И это как раз в то время, которое она так долго ждала: принят роман «Белая гвардия», прочитана и сдана корректура первой части романа, в производстве повесть «Роковые яйца», готовится к сдаче в набор первая книга повестей и рассказов. Для сборника «Писатели» написал «Автобиографию»: «...В Москве долго мучился; чтобы поддерживать существование, служил репортером и фельетонистом в газетах и возненавидел эти звания, лишенные отличий. Заодно возненавидел редакторов, ненавижу их сейчас и буду ненавидеть до конца жизни.

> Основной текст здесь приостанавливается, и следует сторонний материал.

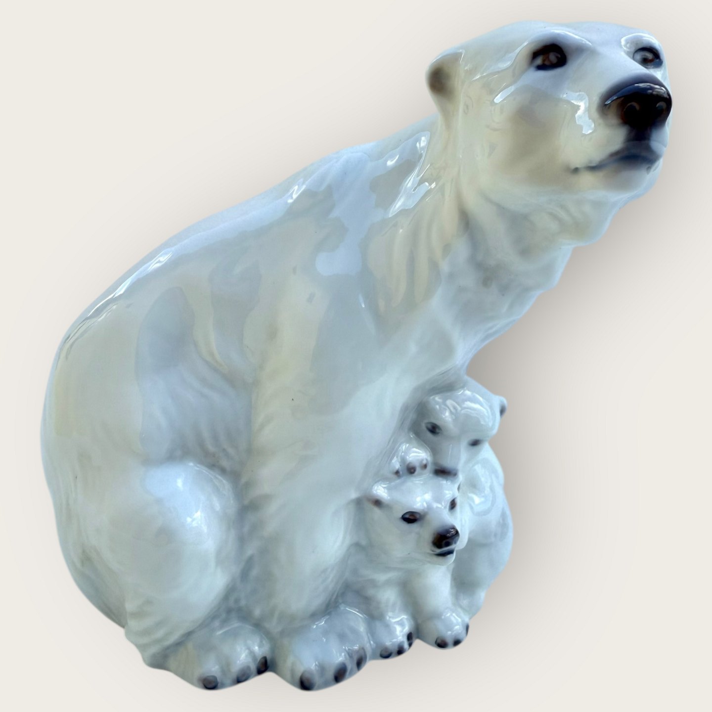 Lyngby Porcelæn, Isbjørn med unger, #98, 1.sortering, Mål ca. 17,5x17,5x10cm *fin stand*
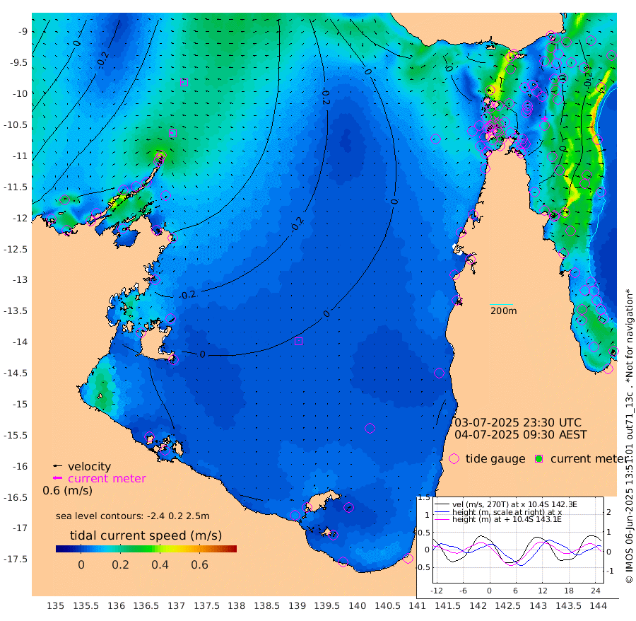 17cm/s -79T +3cm/s rms + 7cm/s -42T. ARA-GOC87 57m 3cm/s -28T +3cm/s rms + 2cm/s -2T. ARA-GOC87 60m 16cm/s -87T +2cm/s rms + 3cm/s 61T. ARA-GOC87 47m -6cm Daru -8cm Bobo Island -25cm Meer Island Barge -21cm Bramble Cay -12cm Unnamed Cay -7cm Pearce Cay -12cm Stephens Island -10cm Merrie England Shoals -1cm Mutacomal Reef -18cm Darnley Island Barge -24cm East Cay -11cm Yorke Island Barge -6cm Rennel Island -6cm Aureed Island 2cm Dungeness Reef -3cm Zagai Island 10cm Yam Island -14cm Dauan Island -18cm Saibai Island -1cm Phipi Reef -2cm Warrior Reef - West -6cm Mabuiag Island Barge 5cm Half Way Island -3cm Coconut Island 7cm Dugong Islet 8cm Poll Island 12cm Kirkcaldie Reef 6cm Suarji Island 0cm Sue Islet 1cm Hawkesbury Island 6cm Alert Patches 11cm Twin Island -15cm Badu Island 13cm St Pauls (Moa Island) 5cm Kubin (Moa Island) 8cm Ince Point 8cm Thursday Island 7cm Nardana Patches -2cm Turtle Head 1cm Round Island -9cm Goods Island -7cm Booby Island -5cm White Rocks Area -4cm Carpentaria 11cm Papou Point -24cm Bampfield Head -1cm Crab Island 3cm Red Wallis Island 10cm Packe Island 8cm Harrington Reef 8cm Herald Camp 10cm Sharp Point 6cm Red Island Point 9cm Possession Island 7cm Alpha Rock 7cm Frederick Point -7cm Wyborn Reef Light -4cm Tetley Island -21cm Triangle Reef -1cm Turtle Head Island -20cm Maclennan Cay -32cm Raine Island -14cm Mcsweeny Reef -19cm Collette Reef -27cm Shadwell Reef -18cm Hannibal Island -20cm Round Point 7cm Vrilya Point -16cm Cape Grenville -21cm Hicks Island -30cm Sir Charles Hardy Island -4cm Harvey Island -27cm Kay Reef -30cm Rocky Island -35cm Chapman Island -33cm Ham Reef -32cm Jubilee Reef -20cm Night Island -31cm Unnamed Reef No. 3 -30cm Morris Island -34cm 1st 3 Mile Opening -29cm Creech Reef -32cm Fife Island -36cm Eden Reef -28cm Stanley Island -26cm Normanby River -60cm Yabooma Island -82cm Hutchison River -64cm Elcho Island -51cm North West Crocodile Island -64cm Cape Wessel -67cm Stevens Island -87cm Guluwuru Island -60cm Hopeful Bay -62cm Auster Point -49cm Two Island Bay -78cm Cadell Strait -151cm Mallison Island -73cm Melville Bay (Gove Harbour) -79cm Truant Island -55cm Cape Arnhem -38cm Cape Grey -15cm Hawk Island 8cm Milner Bay (Groote Eylandt) 16cm Cape Beatrice 46cm West Island 51cm Centre Island 39cm Mornington Island 34cm West Wellesley Islands 29cm Bountiful Island 38cm Albert River Mouth 40cm Sweers Island 51cm Karumba 36cm Nassau River Offshore 19cm Christmas Creek -1cm Archer River -8cm Boyd Point -9cm Weipa (Humbug Point) 6cm Pennefather River 6cm Cullen Point
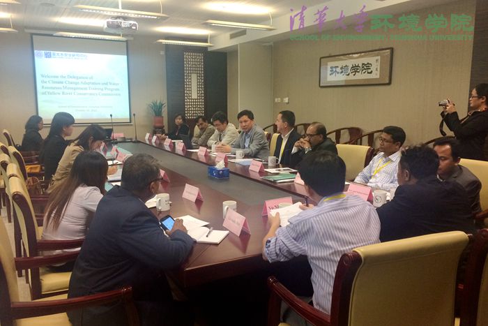 环境学院2015年10月20日电(通讯员 孙傅)10月16日下午,由清华大学亚太水安全研究中心(以下简称“中心”)协办的水利部黄河水利委员会(以下简称“黄委”)“气候变化适应与水资源管理”国际培训项目代表团访问环境学院。培训学员由来自东南亚各国水利、环境、资源等政府部门的11名官员组成。
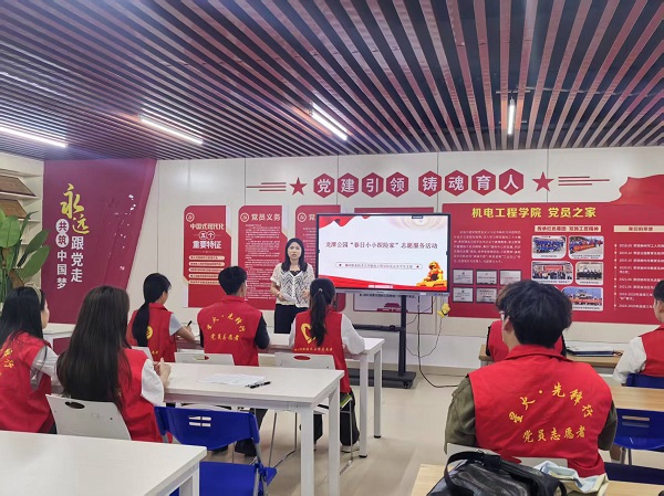 活动开始前,机电工程学院学生第一党支部书记兰丹媚组织志愿者们在D8思园党建工作站开展本次志愿服务活动动员会,告知工作内容及注意事项,并提醒大家在活动中注意安全。
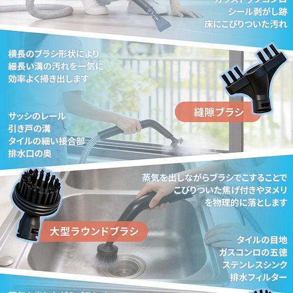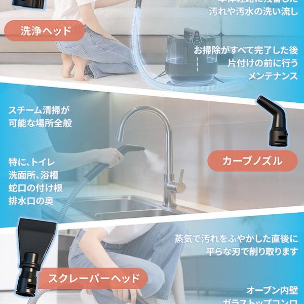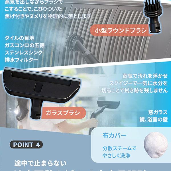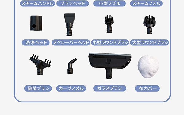 | 付属品 | A.本体、 B.ノズルハンドルホルダー、 C.ホース、 D.スチームハンドル、 E.ブラシヘッド、 F.小型ノズル、 G.洗浄ヘッド、 H.スチームノズル、 I.スクレーパーヘッド、 J.大型ラウンドブラシ、 K.小型ラウンドブラシ、 L.縦刷ブラシ、 M.カーブノズル、 N.ガラスブラシ、 O.布カバー、 取扱説明書兼保証書 |
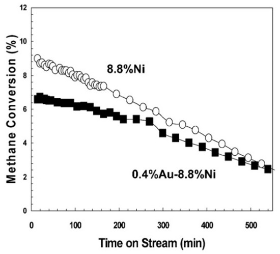 Not all noble metals promote Ni activity though. Indeed, Au-Ni/Mg(Al)O catalysts for SMR prepared by sequential impregnation revealed that the addition of a small amount of Au on Ni-based catalysts caused a decrease in H2 chemisorption and dissociative N2O adsorption, which can be mainly attributed to the effect of Au on the adsorption properties of several adjacent Ni sites [166]. Calculations showed that Au is usually located at step and edge sites, which are active sites for catalytic activity but can also serve as sites for carbon nucleation [167,168]. This study showed that the addition of 0.4 wt.% Au to 8.8 wt.% Ni/Mg(Al)O resulted in a small decrease in catalyst activity (Figure 7).
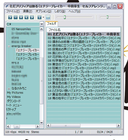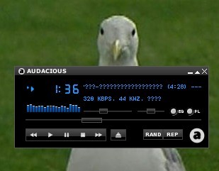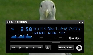 初回に起動したときはCDを再生させていたので気が付かなかったのだが、Windowsで取り込んだMP3を再生すると、表示が「豆腐」になった。ヤッター!なんかすごく「Linux使ってる」気分になった!ヤッター!…当たらなければいいとは思っていたが、一度は体験してみたかった、文字化けの「豆腐」。ファイルを開く時点では普通に日本語で表示されていたので、パネル表示が文字化けする模様。
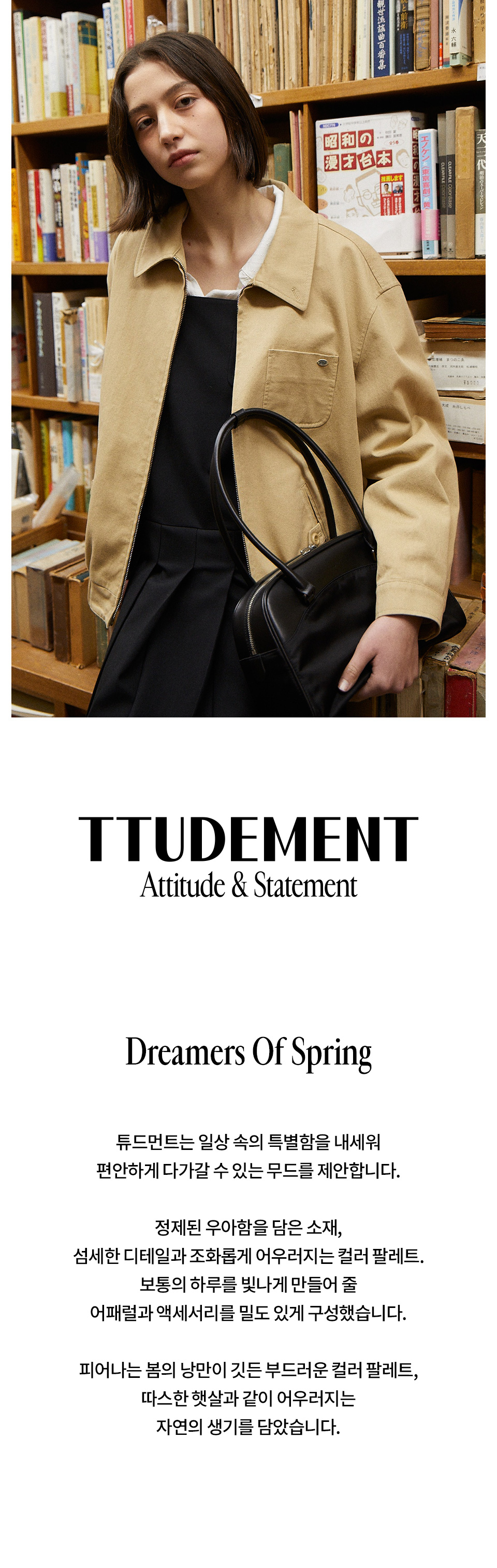 ATTITTUDE & STATEMENT 나만의 태도로 기억되는 브랜드 튜드먼트 입니다. 나이나 유행으로 정의되지 않는, 조용하지만 분명한 태도를 가지고 있는 모습을 담아 가볍고 깨끗한 실루엣, 과하지 않은 로맨틱함으로 완성되는 튜드먼트 만의 이야기를 담아냅니다
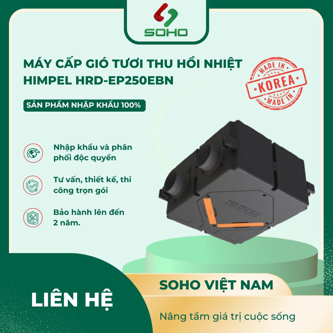 Lắp đặt máy cấp khí tươi thu hồi nhiệt Himpel không chỉ giúp cải thiện chất lượng không khí mà còn giúp tiết kiệm năng lượng, bảo vệ sức khỏe gia đình trong thời đại ô nhiễm ngày càng gia tăng. Nếu bạn đang tìm kiếm giải pháp thông gió thông minh cho không gian sống tại các dự án chung cư, nhà phố, văn phòng, HRD-EP200EBN của Himpel là lựa chọn đáng cân nhắc.
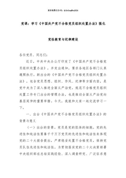 【七哥公文】2024年:党课:学习《中国共产党不合格党员组织处置办法》强化党性教育与纪律建设+更多免费公文+VX:QiGeGongWen2024
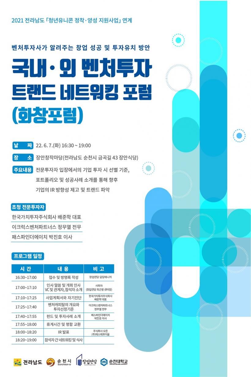 ¼øÃµ â¾÷¿¬´ç ÃÖ±Ù¿µ ¼¾ÅÍÀåÀº ¡°Àü¹®ÅõÀÚ±â°ü°ú ±â¾÷ °£ ³×Æ®¿öÅ· Çà»ç¸¦ ÁÖ°üÇÏ°Ô µÇ¾î ¸Å¿ì ±â»Ú´Ù¡±¶ó¸ç, ¡°À̹ø Æ÷·³ÀÌ ÅõÀÚÀÚ¿Í Ã¢¾÷±â¾÷ÀÌ Áö¼ÓÀûÀ¸·Î ¸¸³ª´Â °è±â°¡ µÇ¾î, ±×°£ Á¶¸í¹ÞÁö ¸øÇÑ ¿ø¼®À» ã´Â ÀÚ¸®°¡ µÉ °ÍÀÌ´Ù.¡±¶ó°í ¸»Çß´Ù.

В берлинской газете «Накануне» в течение двух лет писал большие сатирические и юмористические фельетоны.
Не при свете свечки, а при тусклой электрической лампе сочинил книгу «Записки на манжетах». Эту книгу у меня купило берлинское издательство «Накануне», обещав выпустить в мае 1923 года. И не выпустило вовсе. Вначале меня это очень волновало, а потом я стал равнодушен. Напечатал ряд рассказов в журналах в Москве и Ленинграде.
Год писал роман «Белая гвардия». Роман этот я люблю больше всех других моих вещей».
Но роман, повесть, книжка — все это еще впереди, а пока он продолжает работать в «Гудке», писать фельетоны...
«Увертюра Шопена», «Колыбель начальника станции», «Не свыше», «Рассказ про Поджилкина и крупу», «Библифетчик», «По голому делу»...
Если раньше Булгаков с наслаждением высмеивал невежество, чванство, бескультурье, неграмотность и другие человеческие пороки, то сейчас он, продолжая писать разоблачительные фельетоны, уже не испытывает того возбуждения, которое должен испытывать фельетонист. Не раз он признается в дневнике, что работа в «Гудке» его тяготит, потому что фельетоны его начинают мельчать, утрачивая свою обобщенность, как раньше, работает над ними как бы нехотя, из-под «палки»: он должен в месяц написать несколько фельетонов, обязательных, по заданию редакции.
Вот передали ему письмо рабкора, до поры до времени оно лежит спокойненько на столе Булгакова, но появляется в «Известиях» статья наркома здравоохранения Н. А. Семашко с резким осуждением голых мужчин и женщин, которые разгуливают по Москве с лозунгами «Долой стыд!» на ленте через плечо, пытаются даже входить в трамвай в столь непотребном виде: «подобное поведение необходимо самым категорическим образом осудить со всех точек зрения», с гигиенической, с нравственной, никакой в этом «революционности» нет, одна глупость, «поэтому я считаю абсолютно необходимым немедленно прекратить это безобразие, если нужно, то репрессивными мерами». В редакции, конечно, читают статью Семашко, выводы газеты. И, естественно, редактор «четвертой полосы» «Гудка» призывает Булгакова откликнуться на «злобу» дня. Булгаков тянет с исполнением заказа. Пока лишь записывает в дневнике: «12 сентября. Пятница. Яркий солнечный день. Новость: на днях в Москве появились совершенно голые люди (мужчины и женщины) с повязками через плечо «Долой стыд». Влезали в трамвай. Трамвай останавливали, публика возмущалась»...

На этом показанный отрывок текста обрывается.